Specifically, actively promoting the adaptive operation in the adaptive filter 13 means controlling the adaptive filter 13 to update the later-described coefficient so as to generate a cancellation signal for canceling the echo component within a short time at the first speed. Suppressing the adaptive operation in the adaptive filter 13 means controlling the adaptive filter 13 to update the coefficient over a long time at the second speed slower than the first speed. Stopping the adaptive operation in the adaptive filter 13 means controlling not to update the coefficient (to maintain the coefficient).
The adder 1341 to 134n adds the outputs of the multipliers 1330 and 1331, the outputs of the adder 1341 and the multiplier 1332, the outputs of the adder 1342 and the multiplier 1333, . . . , the adder 134 (n−1) (not shown) and the outputs of the multiplier 133n, respectively. Thus, the adder 134n outputs a cancel voice signal for canceling the echo component from the voice signal superimposed by the echo component.
The subtractor 14 subtracts the cancel voice signal from the voice signal superimposed with the echo component output from the A/D converter 2 and outputs the echo-canceled voice signal. The adaptive coefficient update unit 131 updates the coefficient that multiplier 630 to 63n multiplies to the input sample so as to generate the cancel voice signal in which the echo component remains as little as possible.
At this time, the adaptive coefficient update unit 131 updates the coefficient to be supplied to the multiplier 1330 to 133n in a short time when the adaptive filter control signal is high, indicating “active”. The adaptive coefficient update unit 131 updates the coefficient to be supplied to the multiplier 1330 to 133n over a long time or does not update the coefficient when the adaptive filter control signal is low, indicating “saving”.

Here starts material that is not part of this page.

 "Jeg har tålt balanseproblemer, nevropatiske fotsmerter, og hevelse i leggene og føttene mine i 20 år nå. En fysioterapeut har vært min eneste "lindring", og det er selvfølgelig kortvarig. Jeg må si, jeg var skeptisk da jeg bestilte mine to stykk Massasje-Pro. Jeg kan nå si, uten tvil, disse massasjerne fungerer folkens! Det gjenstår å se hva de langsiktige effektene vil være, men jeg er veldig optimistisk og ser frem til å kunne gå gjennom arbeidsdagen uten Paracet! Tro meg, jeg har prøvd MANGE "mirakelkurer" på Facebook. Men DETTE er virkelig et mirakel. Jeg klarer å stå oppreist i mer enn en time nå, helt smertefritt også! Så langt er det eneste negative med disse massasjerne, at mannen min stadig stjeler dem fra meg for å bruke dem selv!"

The voice section detection unit 510 detects the voice section of the vibration signal by a technique called VAD, and supplies the voice section information to the adaptive filter learning speed setting unit 550. The voice section detection unit 510 detects the voice section according to whether at least the sound pressure level exceeds a predetermined level. The voice signal output from the echo canceller 20 and the partner voice signal are input to the residual echo level estimation unit 520. The residual echo level estimation unit 520 estimates the residual echo level remaining in the target signal by calculating a relative sound pressure level ratio per predetermined unit time between the sound pressure level of the partner voice signal and the sound pressure level of the voice signal output from the echo canceller 20. The predetermined unit time is, for example, several milliseconds or tens of milliseconds. The residual echo level estimation unit 520 supplies the residual echo level to the adaptive filter learning speed setting unit 550.
The adaptive filter learning speed setting unit 550 generates an adaptive filter control signal for setting the learning speed as active and supplies it to the adaptive filter 6 when the voice section information indicates the voice section of the user and the first condition that the residual echo level is less than or equal to a predetermined threshold is satisfied. The adaptive filter learning speed setting unit 550 generates an adaptive filter control signal for setting the learning speed as save and supplies it to the adaptive filter 6 when the first condition is not satisfied.

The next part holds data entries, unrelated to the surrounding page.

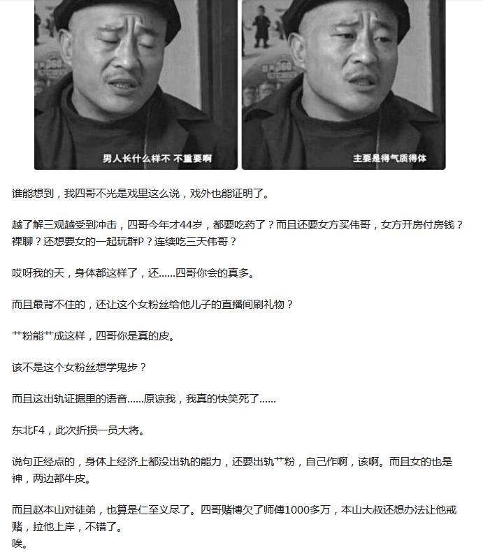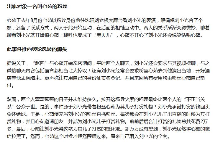 刘小光老婆陈静资料照片 据了解,刘小光的老婆陈静十分喜欢二人转,与刘小光相识也是因为与他搭档二人转。 两人的感情在日积月累的配合和相处中悄然升级,后来也是步入了幸福的婚礼殿堂。 据了解,陈静出生于1981年,是吉林省辽源市人,刘小光大了她十多岁,而且很多网友都认为刘小光长得不太好看,能够讨到陈静这样的大美女做老婆已经很幸福了,为什么还会出轨约炮呢? 说到这里,许多人也许又会想,那为什么大美人陈静会看上长相丑陋的刘小光呢? 事实上陈静遇上刘小光的时候,他已经经历过一次失败的婚姻,而陈静遇上刘小光之后,当时陈静痴迷二人转,和比较擅长二人转的刘小光可以说是志趣相投,因此两人擦出爱情的火花也可以说是顺理成章的事情了。 和陈静结婚之前刘小光就已经有一个儿子,结婚后两人又育有一女,可以说很是幸福美满的一个家庭才对,但是为什么还会有这样的事发生,据说是有一名微博名叫“我恨陈静”的网友在网上发文说陈静出轨破坏他人家庭的事,谁刘小光其实对陈静不好,陈静是因为钱才没有离开刘小光等等言论,但是并没有什么证据,内容很是稀疏,而刘小光和陈静也并未出面解释或者澄清。 但是刘小光出轨粉丝,并且约炮的事情确实在网上被实实在在的扒了出来。 他前期出轨门后续怎么处理的? ![]() 出轨门事件之后,刘小光肯定是慌了,好在有本山师傅给低调处理,目前来看对刘小光的影响不大,该拍戏拍戏,上综艺还是上综艺,而且现在大家伙也对这个事不怎么关心了。 实话说,赵本山对徒弟真是可以,有一次上综艺,刘小光哭着说师傅给自己还了赌债,拉自己上岸的事,这次出轨事件赵本山估计也没少操心! |
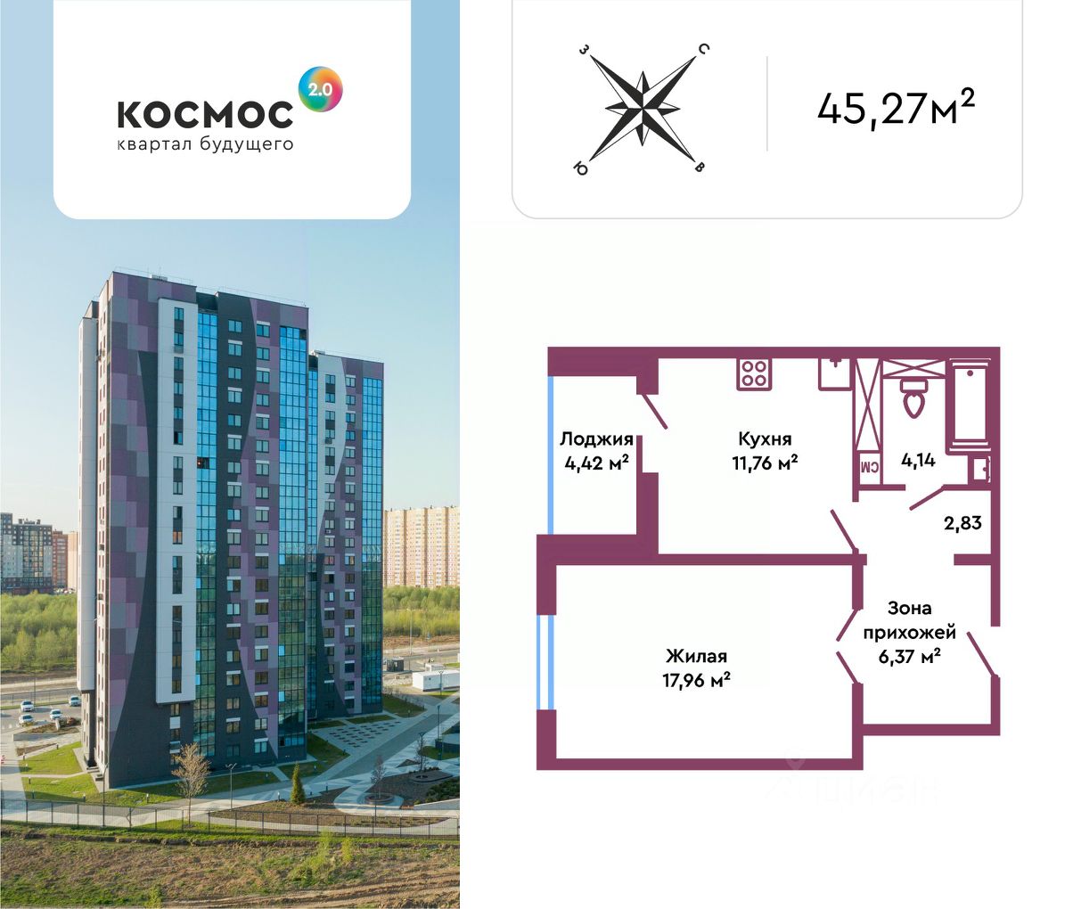 Общая площадь45,27 м2
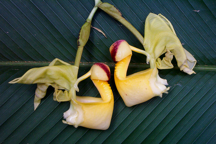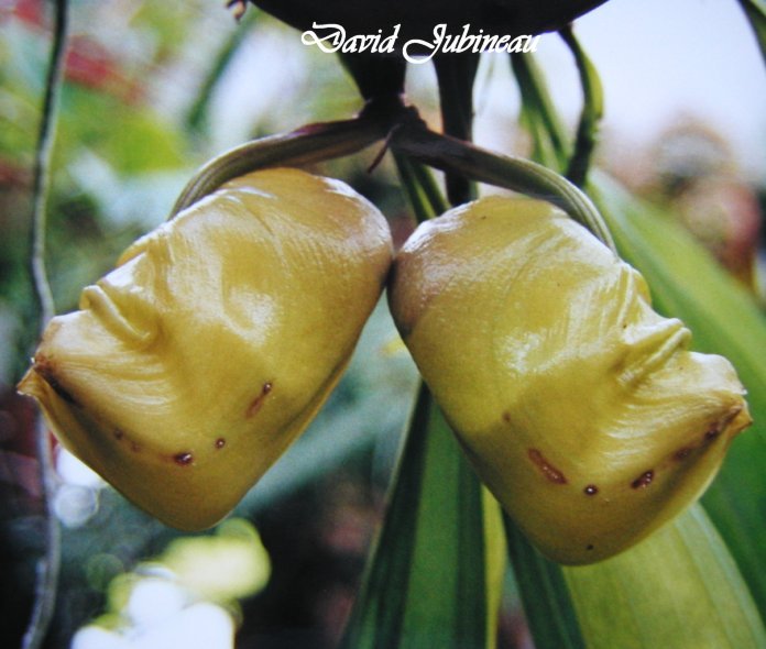 Found in Peru in lowland tropical rainforests at lower elevations as a large sized, hot to warm growing epiphyte with ovate, sulcate pseudobulbs carrying 2 to 3, plicate, narrow, strongly nerved beneath leaves that blooms in the summer till early fall on a pendant, 1 to 4 flowered inflorescence carrying fragrant flowers
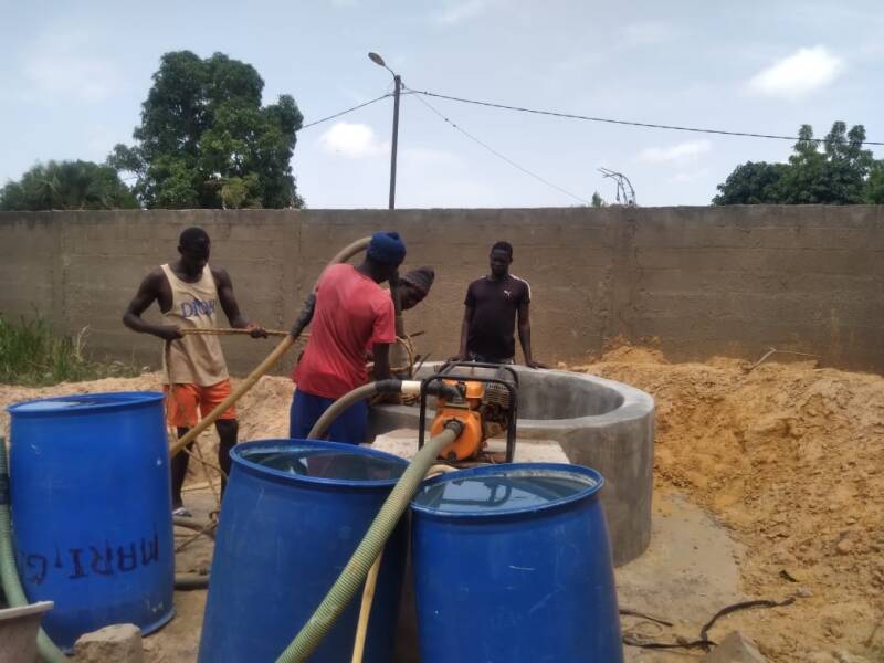 Zo mogelijk wordt gebruik gemaakt van een bestaande waterput, anders wordt er een nieuwe waterput gemaakt. Elke put, zowel de bestaande als de nieuwe, wordt machinaal uitgediept (een boorgat) tot 6 meter onder de bodem van de put. In het boorgat wordt een buis buis geplaatst en daarop wordt een 'pompe surpresseur' aangesloten, die meteen pompt wanneer er een kraan wordt geopend. Zodoende is er altijd voldoende waterdruk.
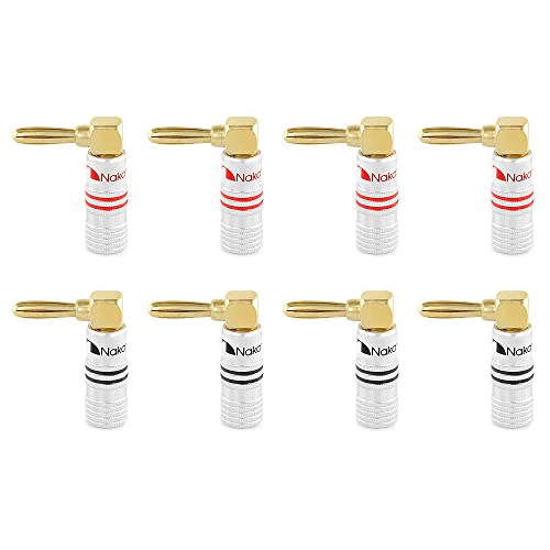 Nakamichi Excel Series 24K guldpläterad bananplugg 12 AWG - 18 AWG Gauge Storlek 4 mm för högtalare Förstärkare Hi-Fi AV-mottagare Stereo Hemmabio Ljudkabel Kabel Skruvkontakt (8 st (4-par), Rät Vinklad bananplugg)
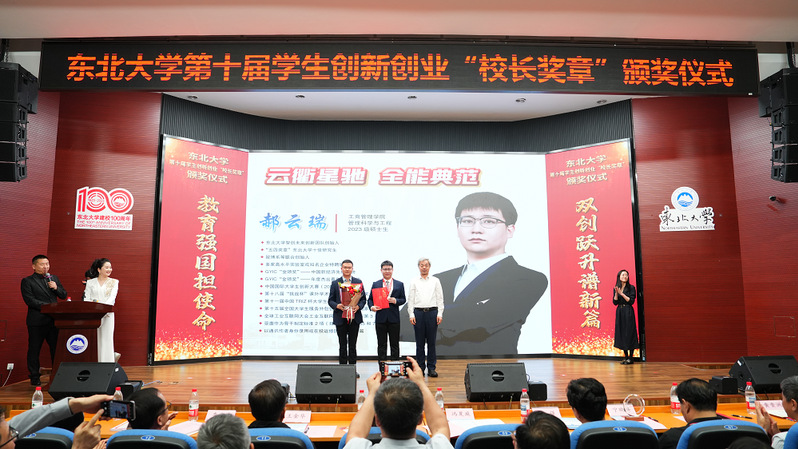 正是这份在科技自立自强道路上的执着突破和实际贡献,让郝云瑞在东北开云五万余名学子中脱颖而出,成为2025年度唯一同时荣膺学生创新创业“校长奖章”与“五四奖章”两项至高荣誉的学生。在庄重的颁奖礼上,中国工程院院士、校长冯夏庭亲自为他授奖。接过奖章,郝云瑞向导师和团队方向深深鞠躬,雷鸣般的掌声在科学馆内回荡。这一刻,是学校对青年学子勇闯科研“无人区”、服务国家战略需求的最高嘉许。

“The learning speed is active” means that the adaptive operation in the adaptive filter 6 is actively promoted, and “the learning speed is saving” means that the adaptive operation in the adaptive filter 6 is suppressed or stopped.

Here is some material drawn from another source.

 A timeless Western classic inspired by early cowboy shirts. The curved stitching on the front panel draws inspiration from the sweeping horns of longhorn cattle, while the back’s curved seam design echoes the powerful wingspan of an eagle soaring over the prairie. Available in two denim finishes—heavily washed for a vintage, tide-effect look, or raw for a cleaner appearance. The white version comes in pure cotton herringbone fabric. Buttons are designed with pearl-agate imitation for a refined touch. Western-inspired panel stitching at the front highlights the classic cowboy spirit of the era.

Specifically, “the adaptive operation in the adaptive filter 6 is actively promoted” means that the adaptive filter 6 controls to update the coefficient (described below) which multiplies the vibration signal within a short time at the third speed. Suppressing the adaptive operation in the adaptive filter 6 means controlling the adaptive filter 6 to update the coefficient over a long time at the fourth speed which is slower than the third speed. Stopping the adaptive operation in the adaptive filter 6 means controlling the adaptive filter 6 not to update the coefficient (to maintain the coefficient). The third speed may be the same or different from the first speed, and the fourth speed may be the same or different from the second speed.
When the voice section information does not indicate the voice section of the user, the learning speed is set as saving since no voice signal is present as a target signal. When the voice section information indicates the voice section of the user but the residual echo level exceeds the threshold, the learning speed is set as saving since the quality of the converted voice signal may be deteriorated by the presence of the residual echo component. A threshold to be compared with the residual echo level that does not deteriorate the quality of the converted voice signal by the adaptive filter 6 may be measured in advance and stored in the storage unit.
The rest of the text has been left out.